A vida imita a arte: Machado de Assis riria do nosso DSM
"Nós, os alienistas?", belo artigo de Cecília de Brito Orsini, psicanalista, sobre a nossa velha conhecida, mas ainda não abandonada partilha entre normal e anormal nos ajuda a pensar sobre as políticas que se apoderam da vida no contemporâneo.
É impossível não pensar, depois de lê-lo, nas práticas que atualmente reeditam o modo cartesiano de olhar para o mundo, como o crescente uso do DSM ( Manual de Diagnósticos em Saúde Mental ) em vários âmbitos. A nova edição ( DSM-V ), prevista para 2013, levaria ao manicômio, se manicômios houvessem, como na época do alienista de Machado, tres quartos da população.
O manicômio hoje se dá a céu aberto, embora possamos perceber as novas investidas no sentido de também reeditá-los em sua concretude, com as recentes políticas de internação de usuários de drogas. Qualquer ser que inadvertidamente folheie o "novo" Manual acabará por se identificar com muitos dos supostos transtornos criados a partir de uma espécie de intolerância à variabilidade inerente ao viver.
A mirada de Cecília sobre "O Alienista" é rica na denúncia desta intolerância. Vamos ao seu texto:
Nem sempre a loucura esteve apartada da vida cotidiana como atualmente. Isso foi possível a partir da operação intelectual promovida por Descartes no pensamento ocidental que, através do exercício da dúvida metódica, separou radicalmente a razão da desrazão, impedindo o seu diálogo, em nível filosófico.

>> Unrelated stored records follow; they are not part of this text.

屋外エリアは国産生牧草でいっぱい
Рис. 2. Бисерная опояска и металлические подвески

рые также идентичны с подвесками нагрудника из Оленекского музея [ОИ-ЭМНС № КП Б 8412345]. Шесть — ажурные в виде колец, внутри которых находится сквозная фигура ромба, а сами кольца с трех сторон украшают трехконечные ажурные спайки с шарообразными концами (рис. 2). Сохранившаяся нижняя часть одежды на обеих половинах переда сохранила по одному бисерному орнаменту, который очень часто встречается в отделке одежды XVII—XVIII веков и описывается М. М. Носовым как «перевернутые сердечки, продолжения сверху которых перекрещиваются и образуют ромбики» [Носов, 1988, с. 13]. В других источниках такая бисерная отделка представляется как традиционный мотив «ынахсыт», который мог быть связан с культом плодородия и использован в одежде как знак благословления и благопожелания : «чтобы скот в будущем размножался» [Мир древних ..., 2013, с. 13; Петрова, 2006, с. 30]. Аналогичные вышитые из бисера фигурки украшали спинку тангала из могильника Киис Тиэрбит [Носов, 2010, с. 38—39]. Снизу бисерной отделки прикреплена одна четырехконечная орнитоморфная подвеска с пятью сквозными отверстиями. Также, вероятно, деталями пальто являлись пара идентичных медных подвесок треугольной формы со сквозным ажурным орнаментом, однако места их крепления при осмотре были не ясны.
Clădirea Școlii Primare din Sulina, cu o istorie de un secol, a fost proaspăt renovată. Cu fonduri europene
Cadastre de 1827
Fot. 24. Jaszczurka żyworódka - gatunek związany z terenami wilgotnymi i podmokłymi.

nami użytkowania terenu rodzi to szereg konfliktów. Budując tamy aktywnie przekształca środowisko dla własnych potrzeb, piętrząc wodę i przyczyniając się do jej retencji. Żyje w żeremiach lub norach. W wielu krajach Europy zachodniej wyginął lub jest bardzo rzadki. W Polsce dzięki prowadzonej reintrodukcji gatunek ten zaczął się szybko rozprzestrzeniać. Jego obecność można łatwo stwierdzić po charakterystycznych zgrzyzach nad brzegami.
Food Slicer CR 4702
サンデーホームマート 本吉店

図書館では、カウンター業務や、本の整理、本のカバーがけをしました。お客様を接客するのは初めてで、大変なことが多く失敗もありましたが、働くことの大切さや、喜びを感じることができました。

A arqueologia deste silêncio é o fulcro da cuidadosa reflexão realizada por Michel Foucault, em seu extraordinário livro A história da loucura, e objeto de extenso comentário por Frayze-Pereira (1995).
A Psicanálise vai retomar esse diálogo, abolindo a interdição. A partir de A interpretação dos sonhos, o homem diurno ciência vai encontrar o homem noturno dos sonhos e da poesia, propondo, a Psicanálise, uma nova forma de conhecer, que revoluciona a epistemologia clássica, já que a questão do desejo inconsciente vai interferir na dinâmica da relação entre o sujeito que conhece e seu objeto de conhecimento.
Já a literatura, que será o mote deste artigo, vai antecipar os passos de Freud, misturando ficção e realidade, loucura e razão, de um modo soberbo, no conto de Machado de Assis, O Alienista. Além disso, vai nos contar, sob chave literária, a história que Michel Foucault faz desse período, insistindo, como aquele autor, na denúncia do absurdo que é apartar radicalmente duas coisas necessariamente implicadas: a razão e a loucura.
Assistimos, ao longo do conto, o desenrolar das divertidas e incríveis peripécias do Dr. Simão Bacamarte, o alienista de Itaguaí, para estabelecer a loucura como fato médico objetivo e inconteste, projeto que acaba resultando num fragoroso fracasso, pois o hábil narrador vai desmontando o projeto, passo a passo, ironicamente, culminando, ao final do livro, na conclusão mordaz a que chega o Dr. Bacamarte de que o único louco de Itaguaí é ele próprio.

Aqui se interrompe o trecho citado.